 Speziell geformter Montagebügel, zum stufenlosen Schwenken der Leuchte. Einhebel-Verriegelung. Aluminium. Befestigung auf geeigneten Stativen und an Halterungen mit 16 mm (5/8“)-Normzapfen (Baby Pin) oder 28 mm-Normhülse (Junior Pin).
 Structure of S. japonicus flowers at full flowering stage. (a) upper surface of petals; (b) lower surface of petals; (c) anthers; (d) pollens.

---

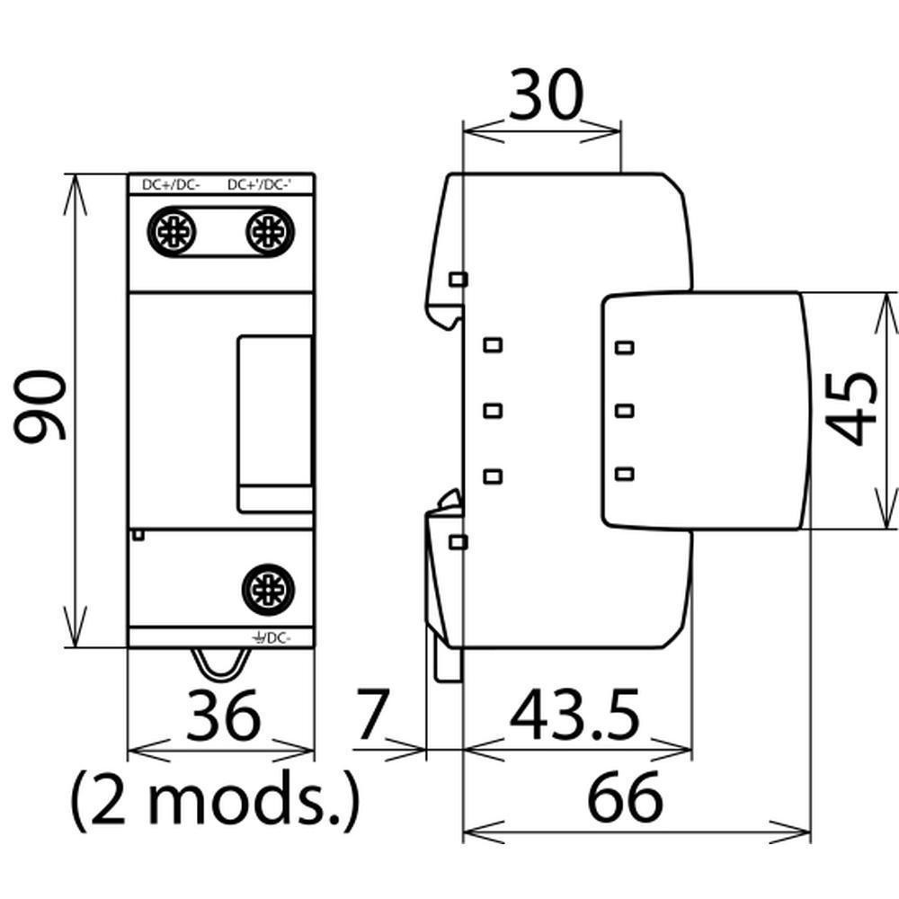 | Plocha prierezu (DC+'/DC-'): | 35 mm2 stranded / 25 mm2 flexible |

● What needs to be done
Given the records above, return exactly the lines starting at the line containing "Speziell geformter Montagebügel, zum" and ending at the line containing "Structure of S.", including both.

● Result for this exercise
 Speziell geformter Montagebügel, zum stufenlosen Schwenken der Leuchte. Einhebel-Verriegelung. Aluminium. Befestigung auf geeigneten Stativen und an Halterungen mit 16 mm (5/8“)-Normzapfen (Baby Pin) oder 28 mm-Normhülse (Junior Pin).
 Structure of S. japonicus flowers at full flowering stage. (a) upper surface of petals; (b) lower surface of petals; (c) anthers; (d) pollens.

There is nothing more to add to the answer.